I remained nonplussed until tired of my own hesitation I grabbed the rib cage with my hands and split it apart. It was neat and it worked. My dissection looked the same as everyone else but had been performed by touch rather than sight. My teacher commented as she walked by, “She will be a doctor!” I have no idea what she meant, but I wonder how many doctors depend on tactile feel for completing their surgery. Now the ones who perform traditional laparoscopy are obviously the superior craftsmen, so how about the ones who are not, who are being co-opted into new age techniques that rely on optics rather than haptics (communication by touch)? How many of them are being coerced into jumping on the new age bandwagon? Nothing wrong with that, but only some of them will be able to do it. Who is monitoring that?
It reminds me of the derivative business of banks. Derivatives have great value. They monetize risks, parcel out value and cut across market inefficiencies. But in the hands of fools and rogues it can become dangerous. More fools than rogues they.
What are derivatives? Let me give you an example. You want to buy your rented house but not at current levels. At some point the market starts to move down, down, down until at last you feel it is time to buy. But now you have a new problem; your landlord also feels that the property market cannot go any lower, or he is in the middle of a messy divorce and has no time to look at your bid. What do you do? You curse your luck of course. But what if you buy a different apartment? As and when the landlord decides he needs to sell to pay off his alimony, you could sell the apartment you had bought and buy the house. If the property market had risen like you thought, you would still make the gain on the sale of the purchased apartment, which would offset the higher costs of the house. If the reverse happened, well, you were going to buy your house at a higher price anyway.
What if you have an agent who sells apartments whose value corresponds to the house that you are trying to buy? The apartment is a derivative asset, standing in for your intended house, and the agent is your derivative salesman. But the more transactions you do, the greater are your transaction costs, and the cost of unwinding your arrangements if circumstances change. There is also the risk that the linkage between your derivative asset and the underlying asset starts to unravel. But your agents' commissions increase all the time. If apartment prices collapsed while bungalow prices skyrocketed- the agent is fine, you are the one with the big hole in your pocket. So here is a high value, high involvement, agent-intensive product, which does not reward the agent for alignment with your needs but for turnover. And if you disregard this basic fact, at some point, the sh—t will hit the fan. If a business imagines that a high involvement and high-risk product should be a revenue stream, then that business is a high-risk business.

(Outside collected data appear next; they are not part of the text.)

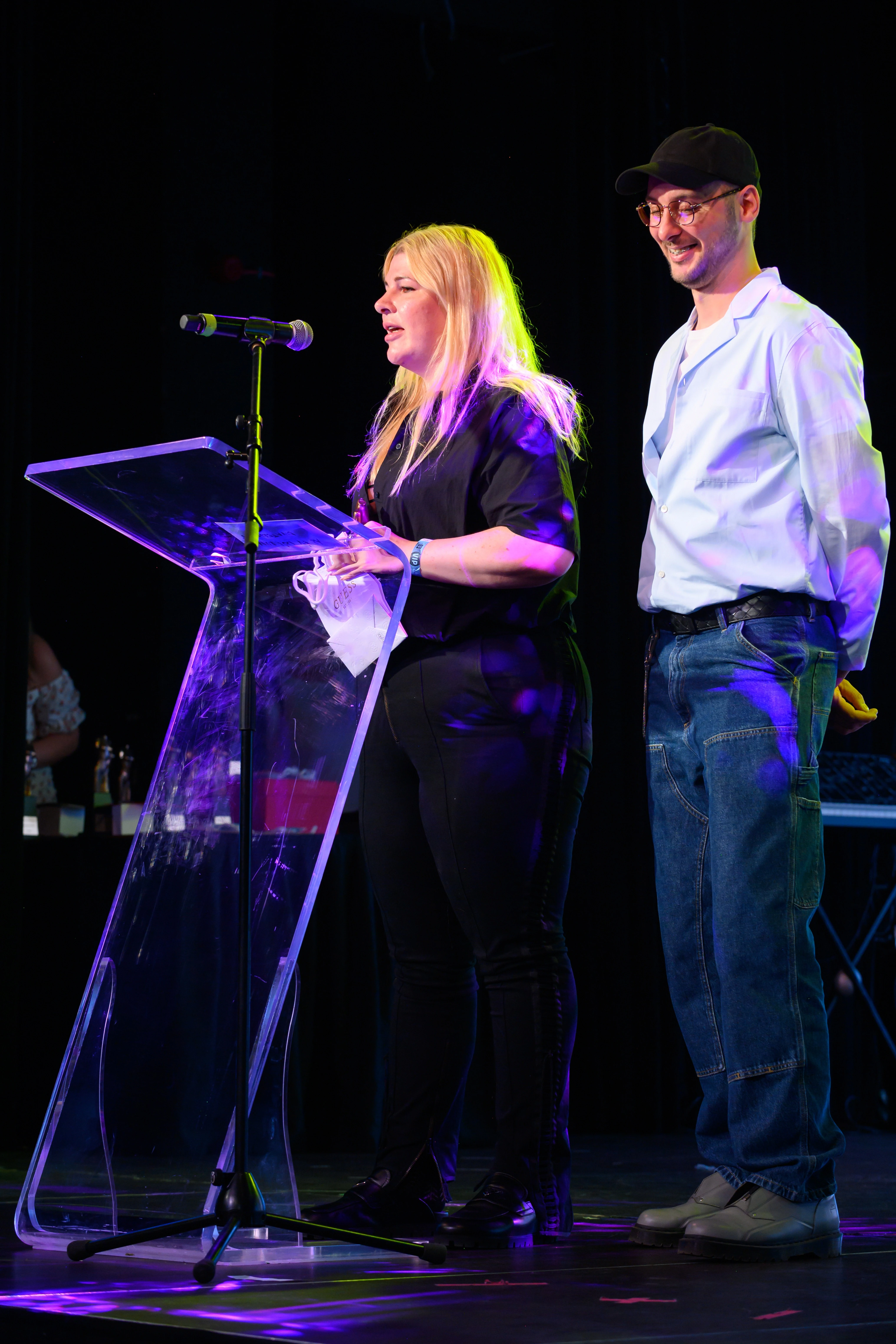 A díjat átadta: Dallos Bogi énekesnő, dalszerző és Rácz Gergő énekes, zeneszerző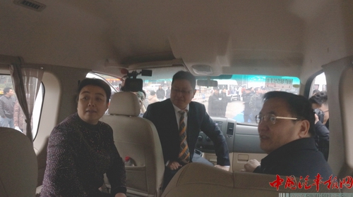 杭州副市長范輝(左)、陳峰(中)、朱福壽(右)在御風電動車上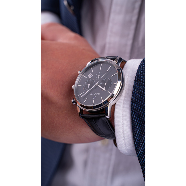 Ανδρικό ρολόι GANT G132006 της σειράς “Cleveland”, με δερμάτινο μαύρο λουράκι.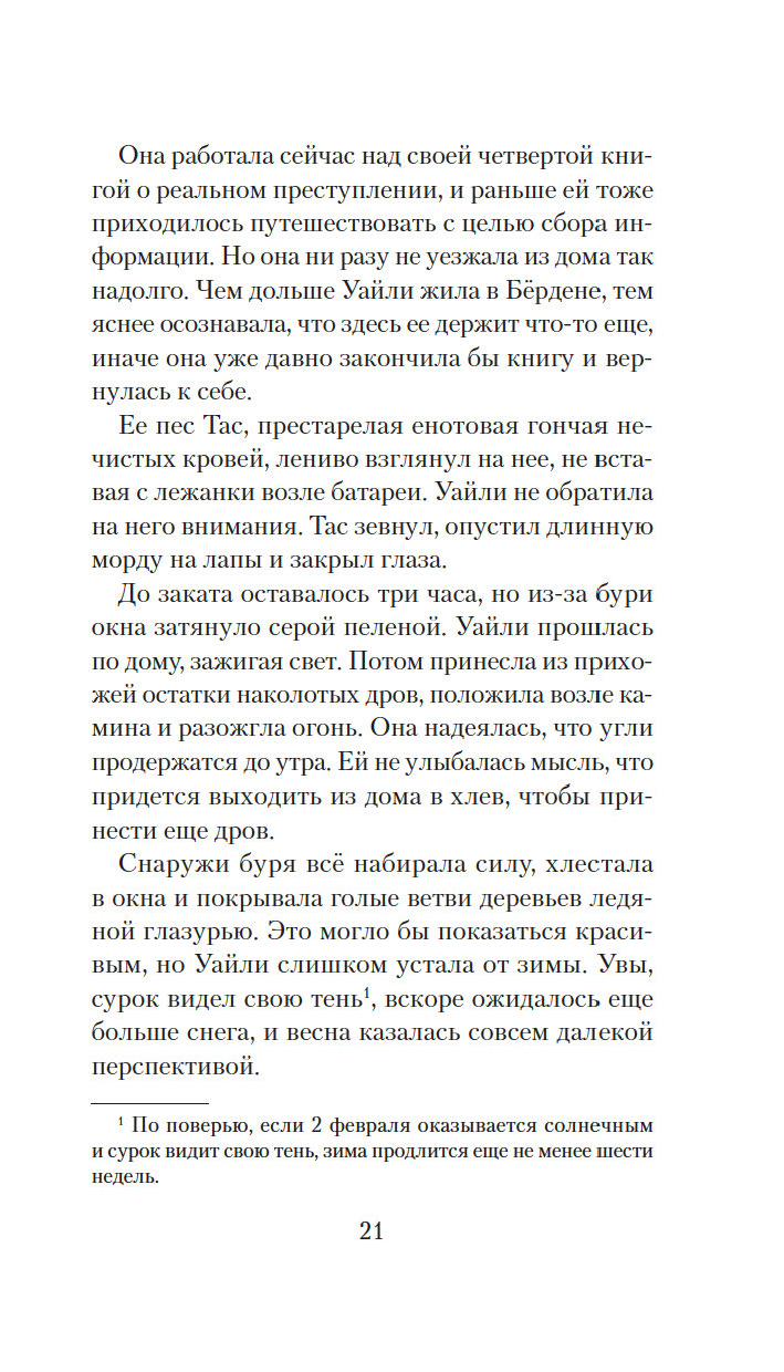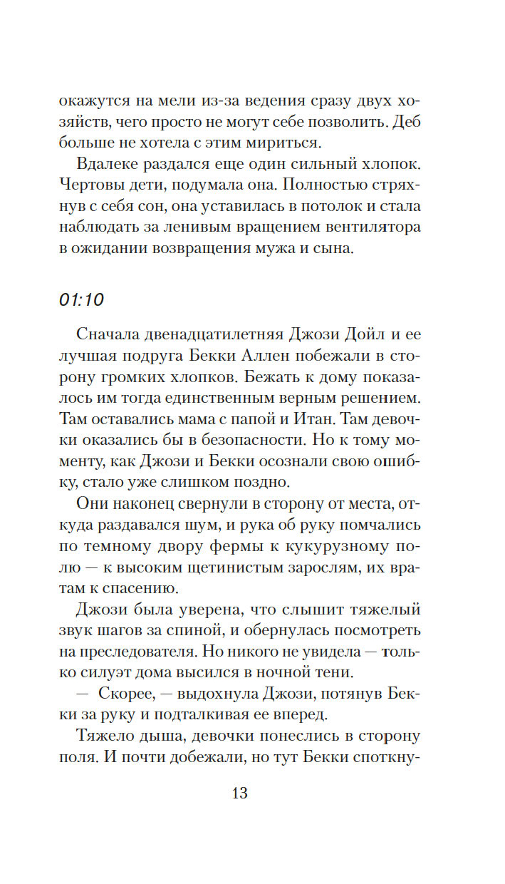 Уайли Ларк выбрала себе странное призвание: она пишет документальные книги о реальных преступлениях. Ради очередного сюжета она уединяется в старом фермерском доме на окраине захолустного городка Бёрден, в штате Айова. Уютный камин, снегопад за окном и полная тишина – идеальные условия для работы, если бы не одно но: два десятка лет назад в этом самом доме хладнокровно убили трех человек, а тринадцатилетняя девочка бесследно исчезла.

That is what I think is happening to Intuitive. It is a high-involvement product that requires high-end practitioners and regulatory oversight, both of which are missing now. Another story where the marketing is overreaching itself. Further the product design is not being driven by the practitioner, but by the manufacturer. And for every doctor who embraces the da Vinci Robot enthusiastically, there is one who is taking it doubtfully perhaps fearfully, but the learning curve they say is steep and soon everyone is jollying alone. Until the sh—t hits the fan. This is not the iPod or the Tesla car, with its hyper perfectionist sexy bosses but a regular nuts and bolts operation, with an aggressive marketing department. I will not give it a different P/E multiple than the rest of the medical devices industry.